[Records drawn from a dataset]
---------------

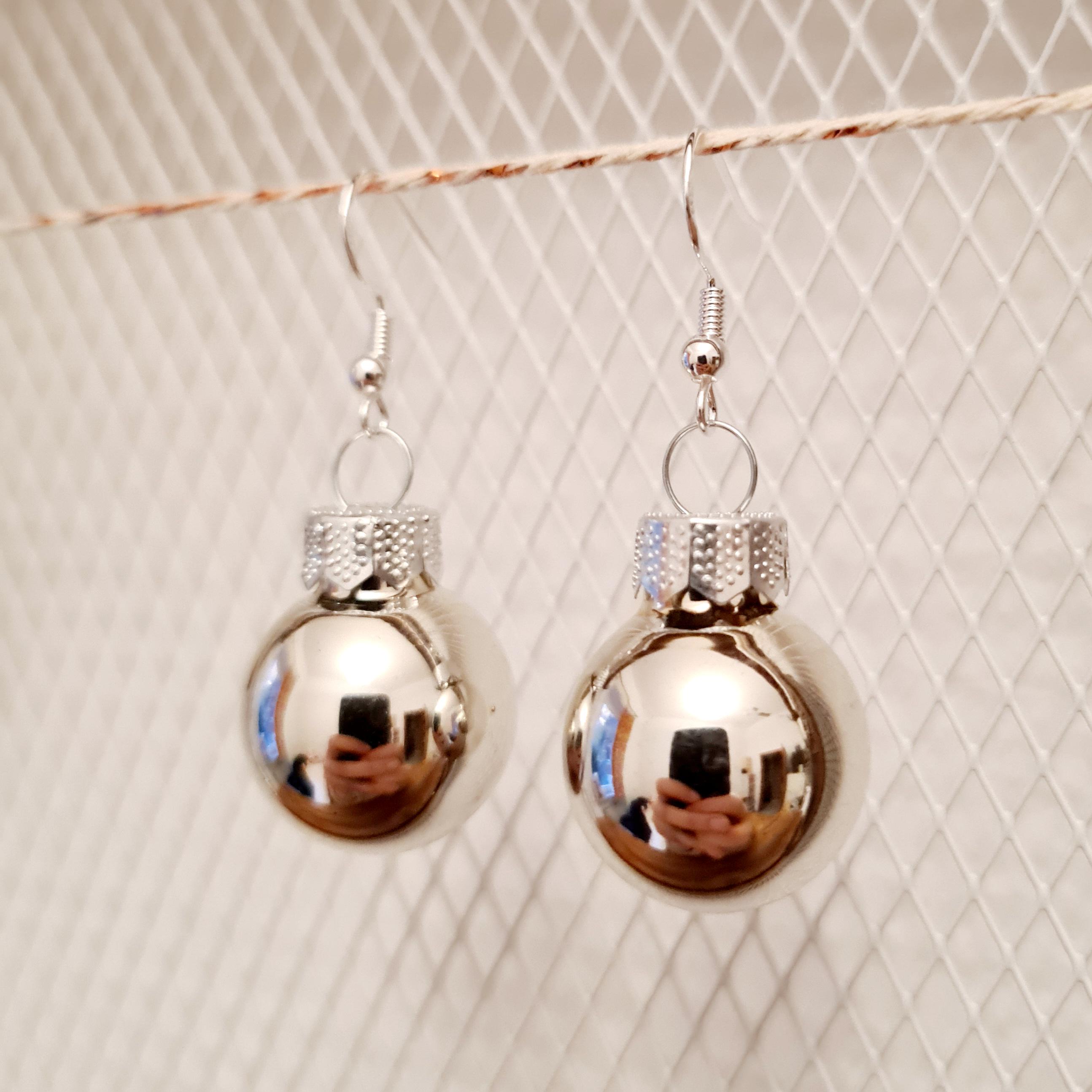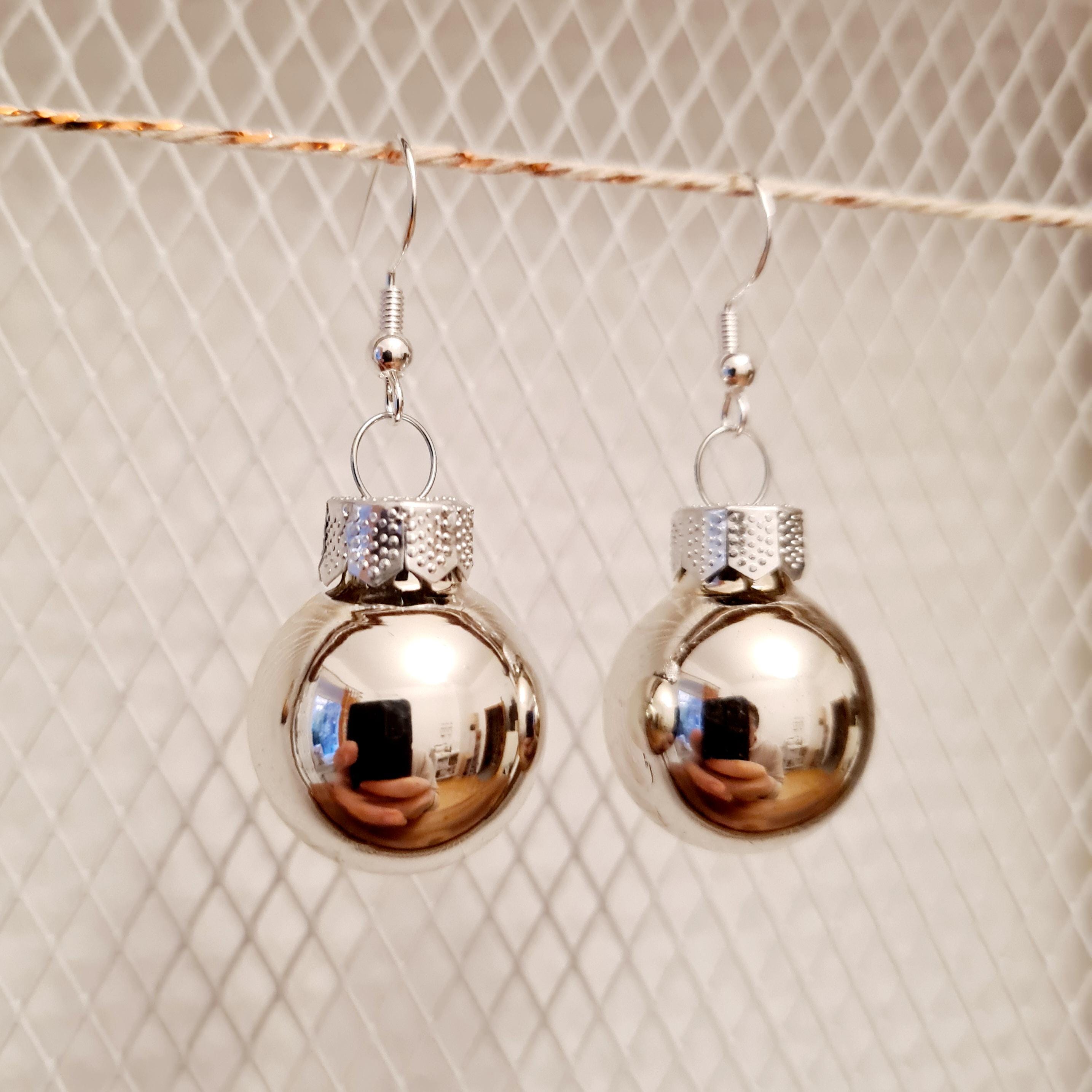 These earrings with silver-grey balls are a real eye-catcher, matching the Christmas decorations.
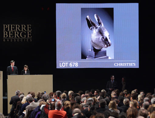 國(guó)家文物局在《表態(tài)》中說,佳士得拍賣行(CHRISTIE’S)已于當(dāng)?shù)貢r(shí)間2月25日在法國(guó)巴黎拍賣了圓明園鼠首和兔首銅像。國(guó)家文物局明確表示:
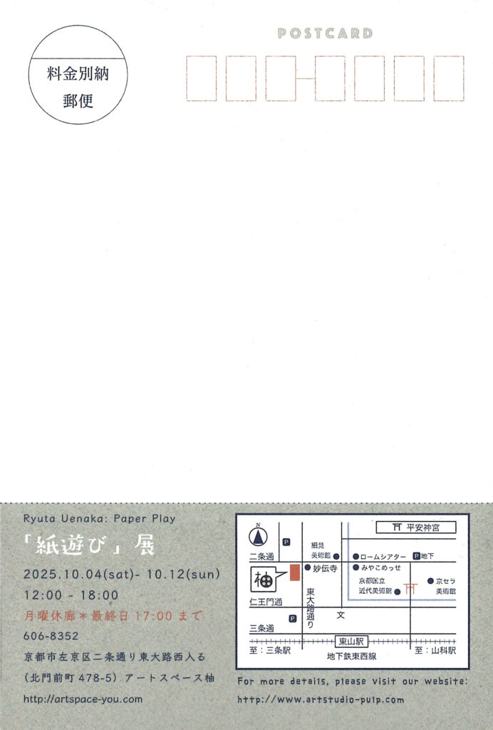 上仲竜太 個展 「紙遊び」展 2025年9月4日 個展 会期10月4日(土)~10月12日(日) ※月曜休廊12時~18時 ※最終日17時まで 川原史絵のRelike Denim展 たなべたい個展・絵本原画展2
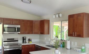 Flowers and fruits ! Orchids , flowers Breadfruit , passion fruit , avacardo , grapefruit,lemon, sugar cane growing in the yard.About pets:No pets allowed.About checkOut:Check out before 10:00 AM.About children:Children allowed: ages 0-17.About checkIn:Check in after 4:00 PM.About smoking:Smoking is not permitted.About minBookingAge:Minimum age to rent: 21.About events:No events allowed.
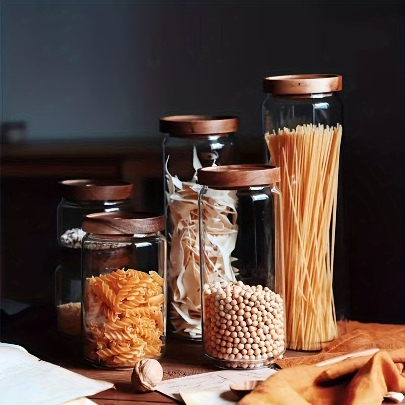 Glass Storage Jar with Bamboo Lid 1 Piece Kitchen Pantry Container for Snacks Spices

---------------

— Task requirements —
Should there be pictures in the data, leave them out and return the rest exactly.

— Answer to this problem —
 These earrings with silver-grey balls are a real eye-catcher, matching the Christmas decorations.
 國(guó)家文物局在《表態(tài)》中說,佳士得拍賣行(CHRISTIE’S)已于當(dāng)?shù)貢r(shí)間2月25日在法國(guó)巴黎拍賣了圓明園鼠首和兔首銅像。國(guó)家文物局明確表示:
 上仲竜太 個展 「紙遊び」展 2025年9月4日 個展 会期10月4日(土)~10月12日(日) ※月曜休廊12時~18時 ※最終日17時まで 川原史絵のRelike Denim展 たなべたい個展・絵本原画展2
 Flowers and fruits ! Orchids , flowers Breadfruit , passion fruit , avacardo , grapefruit,lemon, sugar cane growing in the yard.About pets:No pets allowed.About checkOut:Check out before 10:00 AM.About children:Children allowed: ages 0-17.About checkIn:Check in after 4:00 PM.About smoking:Smoking is not permitted.About minBookingAge:Minimum age to rent: 21.About events:No events allowed.
 Glass Storage Jar with Bamboo Lid 1 Piece Kitchen Pantry Container for Snacks Spices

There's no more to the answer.